Keywords: Neisseria meningitidis, Hypothetical Proteins, Functional Annotation, Drug Targets

1. Introduction

N. meningitidis is a parasitic bacterium and it is an obligate nasopharyngeal human pathogen, which leads to severe diseases like septicemia and meningitis [1,2]. Among children and infants, it can get its way to the brain by invading the respiratory epithelial tissues and then crossing the blood brain barrier. The common symptoms are high fever, lethargy, confusion, nausea, neck stiffness, vomiting, and petechial rash [3][4]. Surveillance is of utmost importance for getting better grasp of meningococcal diseases as they may lead to epidemics and outbreaks [5][6]. The strain H44/76 is very much related to strain MC58 that also belongs to serogroup B. There are 13 serogroups in which N. meningitidis can be classified on the basis of the immunological reactivity of their capsular polysaccharides out of which 5 (A, B, C, Y and W) are found to be the most common causes of diseases [3].
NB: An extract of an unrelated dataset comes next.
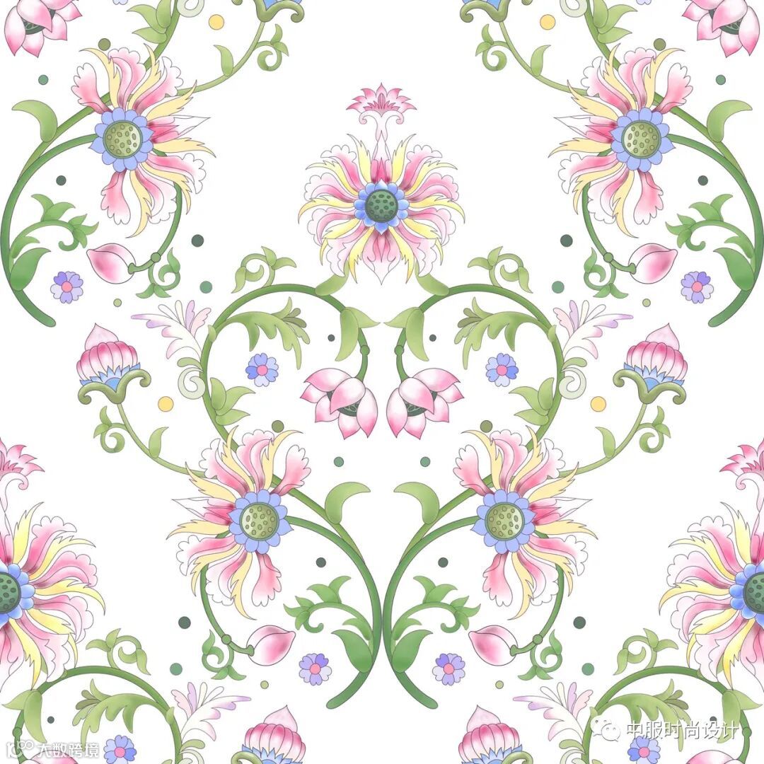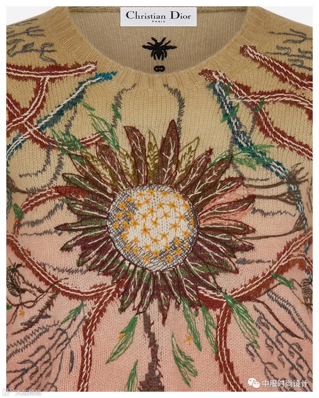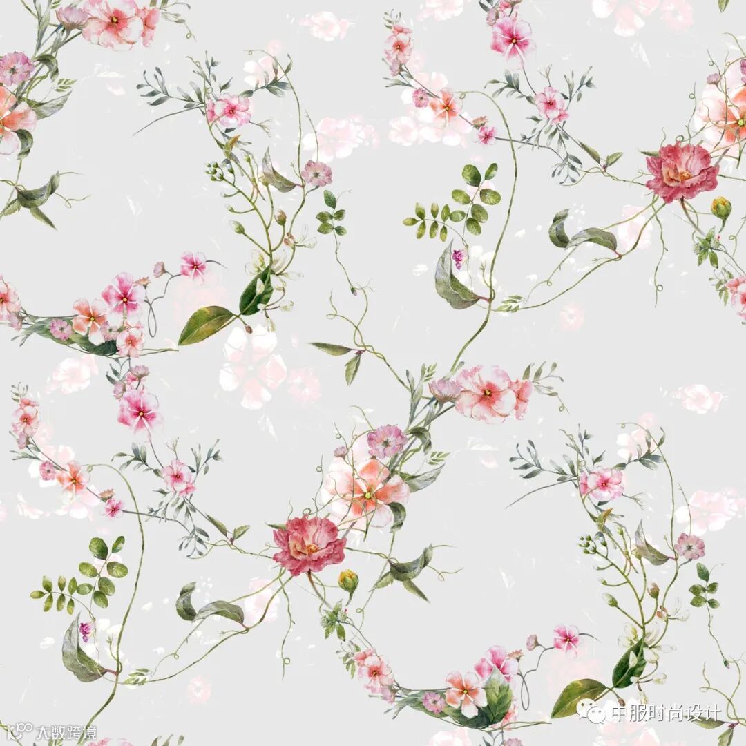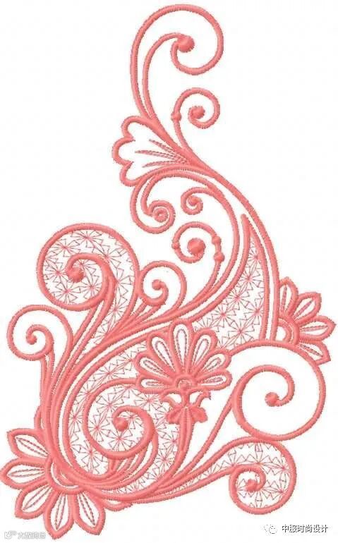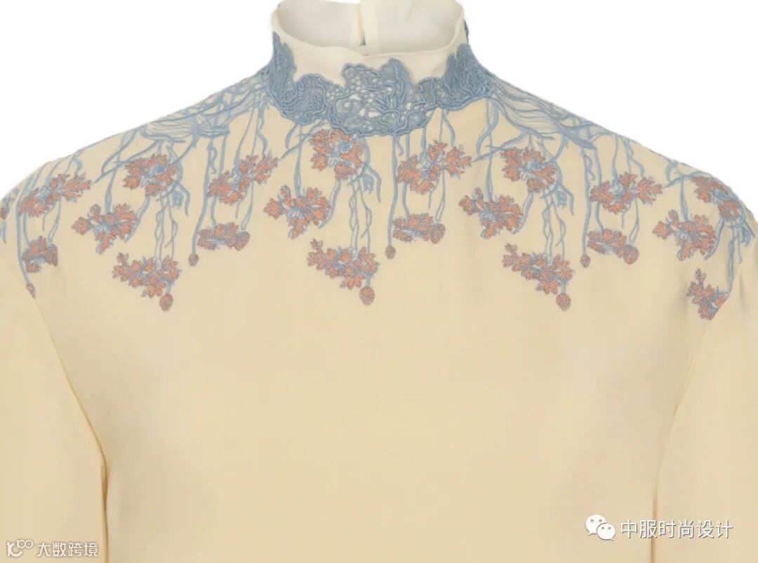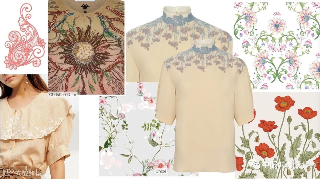 向外生长的花蔓将领部包围缠绕,给人欣欣向荣的视觉感受。花蔓图案可通过机绣和电脑绣花工艺运用在毛衫款式中,在领部还可增加蕾丝面料进行搭配设计增加层次感和精致度。

The efficiency of this strain to transform itself naturally in a favorable manner makes it important for the development of the serogroup B vaccines [2]. The vaccine for serogroup B has been developed recently which has the potential to minimize mortality and morbidity associated to the diseases caused by serogroup B strains [7][8]. N. meningitidis has enormous capability to change its surface structures thus enabling it to escape the defense mechanism of the host.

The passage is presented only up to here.